Benchmark performance comparisons between GBDTs and deep neural networks, taken from Why do tree-based models still outperform deep learning on tabular data (2022)
All that being said, neural networks can provide benefits if the tabular data has some underlying structure well suited for neural network architectures, such as sequenced or hierarchical data. For example, the famous time-series M-competitions have recently been dominated by deep learning models. This blog post and paper by Amazon Research are great starting points to get a comprehensive overview on the pivotal advancements in DL for tabular data and time-series, respectively.
Ensembling for performance gains
Although deep learning has not replaced GBDTs for tabular data, they do provide value when ensembled with boosting models.

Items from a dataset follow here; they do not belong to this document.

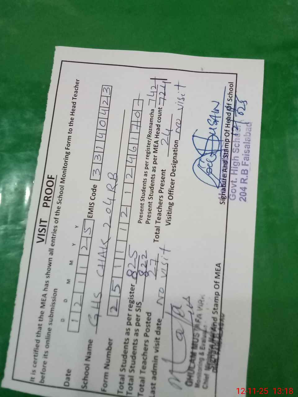 | EMIS Code: 33140423 | Name of School: GHS CHAK 204 RB | |||
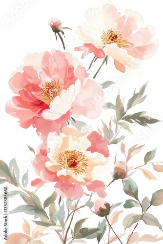 Watercolor depiction of beautiful vibrant pink flowers with green leaves
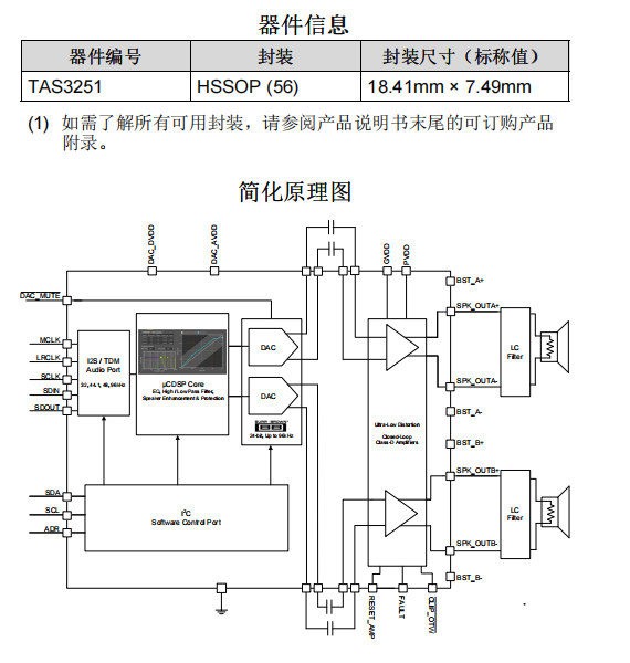 TAS3251 是一款数字输入高性能 D 类音频放大器,可实现真正的高端音质和 D 类效率。数字前端 采用 具有集成 DSP 的高性能 Burr-Brown™DAC,可实现高级音频处理,同时采用了 SmartAmp 和SmartEQ。该首款高功率单芯片解决方案降低了总体系统解决方案的尺寸和成本。DSP 由 TI PurePath™控制台图形调节软件提供支持,可以快速轻松地调节和控制扬声器。D类功率级 具有 高级集成式反馈和专有高速栅极驱动器错误校正功能,可以在音频频带内实现超低失真和噪声。该器件在 AD 模式下运行,最多可驱动 2 个175W/4Ω 负载和 2 个 220W/3Ω 负载。

Ensembling is when multiple different machine learning models are combined to improve the overall prediction performance. This works best when diverse models are combined as collectively they can offset each other when individual models make uncorrelated errors.
Almost all competition winning solutions involve a large ensemble of models, rather than a single model (although it does happen rarely). Kaggle is known as an ensembling playground, where participants will ensemble many different models to improve their score. However, this comes at a cost of computational resources, complexity, explainability, and inference time - which are important considerations in a real-world applications.
Model outputs are typically ensembled / aggregated by:
- Averaging (or blending): This is the simplest method of ensembling, options include averaging, weighted average (most common method), and rank averaging.
- Voting: For classifications tasks, models can vote on the prediction. The most common option is majority voting, where class is predicted by the selection of the majority of models.
- Bagging, boosting, and stacking:
- Bagging (short for bootstrap aggregating) is when you sample with replacement to create different datasets called bootstraps and then a different model on each of those bootstraps, and then aggregate the results - by averaging for regression or voting for classification.
- Boosting is a family of iterative optimum algorithms that converts weak learners to strong learners. Each learner in the ensemble is trained on the same set of samples but samples are weighted based on how well the ensemble classifies them.
- Stacking is the process of training base learners from the training data and then create a meta learner that combines the output of the base learners to output final predictions.
Conclusion
It’s difficult staying on top of the latest advancements in AI and ML but the Kaggle AI Report 2023 and the State of Competitive Machine Learning Report provide invaluable insights, especially for tabular and time-series data. This blog post highlighted the continued importance of feature engineering and robust cross-validation, the unassailable effectiveness of GBDTs over DL models for tabular data, and the power of ensembling to improve performance.
However, it is important to recognise that competition settings has nuances and different priorities that does not directly translate to real-world applications, especially with the growing importance of explainable AI. In reality, you most of your time will likely be on data cleaning or converting your notebook code into production with MLOps (a topic I’ll cover in future).
Thanks for reading if you’ve made it this far, I hope you’ve found it useful!